Wednesday, August 1, 2012

Revenue Finds that Taxpayer Provided Some Evidence that "Throwback Sales" Improper Due to Company Nexus with Other States

The Department made several adjustments to Taxpayer's sales factor. The Department attributed to Indiana certain of the sales made to locations in other states. The Department treated these sales as "throwback" sales attributed to Indiana. IC § 6-3-2-2(e), (n). The decision resulted in an increase in Taxpayer's corporate adjusted gross income tax. Taxpayer protests the Department's assessment of adjusted gross income tax for the 2005, 2006, and 2007 tax years and the Department's denial of its refund for the 2004 tax year based upon these adjustments to its sales factor. Taxpayer maintains that the throw-back rule is not warranted for sales to a number of states.


The Department determined that, for purposes of calculating taxpayer's Indiana tax liability, the receipts from sales to out-of-state customers should be thrown back to Indiana because the sales were made within jurisdictions where the taxpayer did not have nexus with the state. The audit based its decision on Example 5 of 45 IAC 3.1-1-53 which states that "[i]f the taxpayer is not taxable in the state of the purchaser, the sale is attributed to [Indiana] if the property is shipped from an office, store, warehouse, factory, or other place of storage in this state." Such sales are designated as "throw-back" sales. Id.


Taxpayer asserts that it has nexus in several states and, therefore, the throw-back rule is not applicable. Taxpayer maintains that in addition to its sales force in these states, it has employees that supervise clinical trials that are being conducted by independent investigator/physicians. Taxpayer states that these supervisory duties give it nexus in these states where the clinical trials were conducted.

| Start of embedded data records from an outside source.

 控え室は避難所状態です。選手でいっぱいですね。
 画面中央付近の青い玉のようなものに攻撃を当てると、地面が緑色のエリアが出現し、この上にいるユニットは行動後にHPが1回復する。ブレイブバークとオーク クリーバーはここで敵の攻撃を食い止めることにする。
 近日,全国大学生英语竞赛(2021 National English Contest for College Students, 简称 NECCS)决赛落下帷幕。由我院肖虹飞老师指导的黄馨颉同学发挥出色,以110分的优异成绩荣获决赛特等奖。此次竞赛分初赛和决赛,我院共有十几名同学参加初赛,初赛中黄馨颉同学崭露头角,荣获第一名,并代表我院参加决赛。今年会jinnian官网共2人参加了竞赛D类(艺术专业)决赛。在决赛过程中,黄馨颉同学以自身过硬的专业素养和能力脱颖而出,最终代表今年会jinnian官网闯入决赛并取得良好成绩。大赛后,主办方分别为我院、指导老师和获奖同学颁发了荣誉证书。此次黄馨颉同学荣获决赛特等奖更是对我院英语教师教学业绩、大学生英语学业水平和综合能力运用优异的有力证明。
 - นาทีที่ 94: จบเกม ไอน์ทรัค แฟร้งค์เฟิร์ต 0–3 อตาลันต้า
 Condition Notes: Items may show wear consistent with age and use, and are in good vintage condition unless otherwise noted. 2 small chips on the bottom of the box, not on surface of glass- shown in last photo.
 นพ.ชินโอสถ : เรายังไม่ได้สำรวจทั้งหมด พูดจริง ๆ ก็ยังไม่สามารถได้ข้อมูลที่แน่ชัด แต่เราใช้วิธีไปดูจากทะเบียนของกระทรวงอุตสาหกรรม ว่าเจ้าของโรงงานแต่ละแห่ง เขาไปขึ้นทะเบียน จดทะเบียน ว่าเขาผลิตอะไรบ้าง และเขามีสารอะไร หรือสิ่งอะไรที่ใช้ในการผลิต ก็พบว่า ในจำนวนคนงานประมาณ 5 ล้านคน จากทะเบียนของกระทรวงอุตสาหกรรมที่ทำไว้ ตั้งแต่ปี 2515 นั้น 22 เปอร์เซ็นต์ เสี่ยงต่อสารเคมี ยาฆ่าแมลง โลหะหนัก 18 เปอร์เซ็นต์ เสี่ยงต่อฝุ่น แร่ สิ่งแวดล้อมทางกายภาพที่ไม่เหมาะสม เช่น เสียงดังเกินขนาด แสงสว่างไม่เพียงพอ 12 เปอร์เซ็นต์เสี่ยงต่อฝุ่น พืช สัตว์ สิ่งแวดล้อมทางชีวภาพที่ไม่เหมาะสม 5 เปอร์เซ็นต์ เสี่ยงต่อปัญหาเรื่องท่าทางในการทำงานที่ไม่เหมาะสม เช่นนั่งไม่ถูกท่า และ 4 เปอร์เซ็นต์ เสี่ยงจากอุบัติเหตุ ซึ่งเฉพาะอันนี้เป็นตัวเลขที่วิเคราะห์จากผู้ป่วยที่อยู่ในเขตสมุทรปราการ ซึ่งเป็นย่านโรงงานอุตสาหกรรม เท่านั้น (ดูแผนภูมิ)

During the protest, Taxpayer provided additional documentation–including supervisors' travel documentation, lists of the clinical trial locations, and supervisors' log sheets. Based upon this documentation, Taxpayer has established that in these states where the clinical trials are located it has "nexus" and, therefore, was subject to "a net income tax, a franchise tax measured by net income, a franchise tax for the privilege of doing business, or a corporate stock tax," sales to customers in these states should not be thrown back to Indiana. Thus, Taxpayer's protest is sustained in part to the extent that sales to these states where Taxpayer presented documentation that clinical trials were being conducted have been thrown back to Indiana. However, Taxpayer's protest is denied to the extent that sales to these states where Taxpayer failed to present documentation of the conducting of the clinical trials. The file will be returned to the audit division where they are requested to review the submitted documentation and make whatever adjustments it deems appropriate.